Definition
The maximum allowable vertical position error for a WAAS-based approach before the system must warn the pilot that the guidance can no longer be trusted. If the estimated vertical error exceeds this limit, the avionics flag the approach and remove the glidepath indication.
Plain English
It is the largest vertical error the system will tolerate before it tells you the glidepath is no longer reliable. Cross that line and the approach is no longer usable.
Context Anchor
Seen in WAAS and LPV approach discussions, especially when explaining how the system decides whether precise vertical guidance is available.
Derivation
Alarm limit' is borrowed from satellite navigation engineering, where it describes the threshold at which the system must raise an alarm to the user. 'Vertical' simply restricts that threshold to up-and-down position error, as opposed to horizontal.
Why Pilots Care
Exceeding the limit removes vertical guidance, forcing a missed approach and protecting against unsafe descent.
Grounding Statement
The vertical alarm limit is the line the system must stay inside before it can be trusted for vertical guidance.
Intuition Check
Do not read “alarm” as only a sound or cockpit noise here.
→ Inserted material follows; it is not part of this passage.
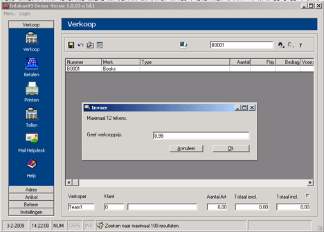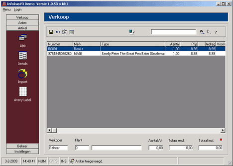 Het totaal van de verkoop is dan € 0,00 en lijkt dus weinig nut te hebben maar hiermee wordt de voorraad hersteld. Er kan bij Beheer - Omzet gekeken worden hoeveel omzet en marge er is gemaakt op dit boek, de schrijver van het boek, de uitgever of de omzetgroep.

In this term, it means the point where the system must warn you or stop providing approved vertical guidance.
Example Sentence 1
When the WAAS vertical alarm limit was exceeded just inside the final approach fix, the glidepath flagged and the crew flew the missed approach.
Example Sentence 2
If the aircraft's vertical error approaches the vertical alarm limit, the system removes the glidepath guidance.